Idempotency state cannot live forever.

Retention should reflect:

• client retry horizon
• payment / billing reconciliation needs
• storage cost

Examples:

• 24 hours for public API dedupe
• 7 days for financial workflows

Deleting too early is effectively removing the safety guarantee while clients may still retry.

Common failure cases

1. side effect commits before dedupe record

Then crash recovery can double-apply work.

2. dedupe record stored in weaker durability than business effect

Then after failover the system forgets prior execution.

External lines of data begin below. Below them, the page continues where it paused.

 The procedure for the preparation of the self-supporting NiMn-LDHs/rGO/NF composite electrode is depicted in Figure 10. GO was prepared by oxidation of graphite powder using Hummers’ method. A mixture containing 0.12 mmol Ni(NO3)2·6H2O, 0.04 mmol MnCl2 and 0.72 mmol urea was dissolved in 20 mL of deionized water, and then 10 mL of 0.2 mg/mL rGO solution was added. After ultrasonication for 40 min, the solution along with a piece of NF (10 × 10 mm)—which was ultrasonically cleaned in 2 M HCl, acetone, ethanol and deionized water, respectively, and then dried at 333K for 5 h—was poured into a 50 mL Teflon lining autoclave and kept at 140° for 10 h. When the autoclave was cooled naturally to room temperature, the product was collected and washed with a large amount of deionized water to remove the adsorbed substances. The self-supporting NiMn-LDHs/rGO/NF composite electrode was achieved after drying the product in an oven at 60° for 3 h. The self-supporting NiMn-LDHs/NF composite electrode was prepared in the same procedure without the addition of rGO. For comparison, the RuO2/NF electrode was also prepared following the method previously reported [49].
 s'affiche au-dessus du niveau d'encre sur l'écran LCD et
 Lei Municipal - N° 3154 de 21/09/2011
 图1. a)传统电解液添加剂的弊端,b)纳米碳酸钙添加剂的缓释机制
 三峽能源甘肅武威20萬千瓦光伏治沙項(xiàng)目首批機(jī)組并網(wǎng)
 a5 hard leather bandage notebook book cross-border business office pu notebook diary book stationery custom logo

3. same idempotency key shared across tenants

This causes cross-tenant contamination unless scope is part of the key space.

4. replaying stale IN_PROGRESS forever

You need ownership, expiry, and fencing, not a permanent stuck state.

5. retrying validation failures

This wastes load and obscures client bugs.

What the senior answer sounds like

I would model retries and idempotency as one reliability subsystem. Clients send an idempotency key, the server stores a durable idempotency record keyed by tenant plus operation plus key, and validates a request hash so the same key cannot represent different intents. The first execution atomically reserves the key, performs the business effect, and then conditionally finalizes the record with the original response or a reference to the created object. Retries use exponential backoff with full jitter and a retry budget so transient failure does not multiply load. If the operation spans external systems, I would pair the idempotency record with an outbox or consumer-side dedupe rather than claiming exactly-once delivery. The core design goal is not more retries. It is safe duplicate suppression under crash and timeout races.

Key takeaways

• Retries without idempotency create duplicate writes.
• Idempotency is about logical operation identity, not HTTP verbs.
• Validate request hash so one key cannot be reused for a different intent.
• Use durable compare-and-set ownership so stale executions cannot finalize the wrong result.
• Pair retries with timeouts, jitter, retry budgets, circuit breakers, and load shedding.